We choose GIN \citep{GIN} as the backbone graph encoder and the model is optimized through Adam optimizer. We follow \citep{GraphCL, GASSL, DGCL} to employ a linear SVM classifier for downstream task-specific classification. The graph augmentation operations used in our work are the same as \citep{GraphCL}, including node dropping, edge perturbation, attribute masking, and subgraph sampling, all of them are borrowed from the implementation of \citep{PyGCL}.  There are two specific hyper-parameters in our model, namely $\lambda_{r}$ and $\lambda_{a}$, the search space of them are $\left \{0.0, 1.0, 3.0, 5.0, 10.0 \right \}$ and $\left \{0.0, 0.25, 0.5, 0.75, 1.0 \right \}$, respectively.
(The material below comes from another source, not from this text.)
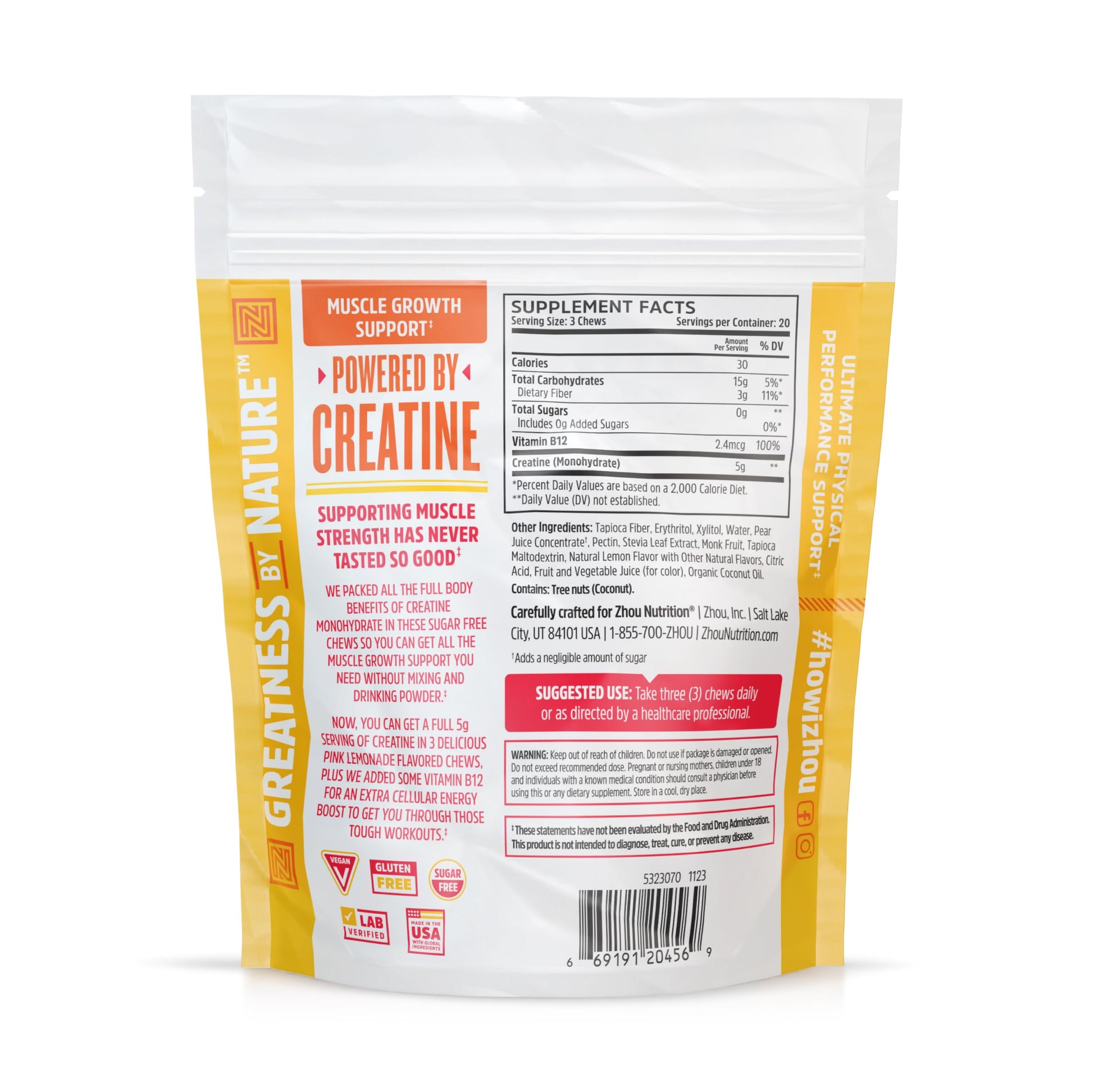 Zhou Nutrition Creatine Monohydrate Chewables 5g for Men & Women, Sugar Free, Organic, Non GMO, Pink Lemonade, 60 Creatine Gummies

For other important hyper-parameters, we find the best value of learning rate from $\left \{0.01, 0.005, 0.001, 0.0005, 0.0001 \right \}$, embedding dimension from $\left \{32, 64, 128, 256, 512 \right \}$, number of GNN layers from $\left \{2, 3, 4, 5\right \}$, batch size from $\left \{32, 64, 128, 256, 512 \right \}$ (except for ogbg-molhiv $\left \{64, 128, 256, 512, 1024 \right \}$). Besides, we fix the perturbation bound $\epsilon$, ascent step size $\alpha$, and ascent step $T$ as 0.008, 0.008, and 5 during hyper-parameter fine-tuning. For the implementation details of transfer learning, we follow the pre-training setting of previous works~\citep{GraphCL}. 

\vspace{-0.1in}

\section{Proof}
\label{appendix: proof}
\vspace{-0.1in}
\subsection{Proof of Theorem 1}
\label{theorem: objective_appendix}

\textbf{Theorem 1. }
\textit{Suppose $f(\cdot)$ is a GNN encoder as powerful as 1-WL test. Let $g_{p}(\cdot)$ elicits only the augmentation information from $\mathbf{z}$ meanwhile $g_{c}(\cdot)$ extracts the essential factors of $G$ from $\mathbf{z}_{1}$ and $\mathbf{z}_{2}$. Then we have:}
\begin{equation}
I\left(t_{1}(G) ; \mathbf{z}_{2}^{c}, \mathbf{z}_{2}^{p}\right) \geq I\left( \mathbf{z}_{1}^{p} ; \mathbf{z}_{2}^{p}\right) \text { where } G \in \mathcal{G} \text{ and } t_{1}(\cdot), t_{2}(\cdot) \in \mathcal{T}.
\nonumber
\end{equation}

\textbf{Proof.} According to the assumption in Theorem \ref{theorem: objective}, for any two graphs $G, G^{\prime} \in \mathcal{G}$, if $G \cong G^{\prime}$ then we have $\mathbf{z}=\mathbf{z^{\prime}}$, where $\mathbf{z}=f(G)$ and $\mathbf{z^{\prime}}=f(G^{\prime})$. 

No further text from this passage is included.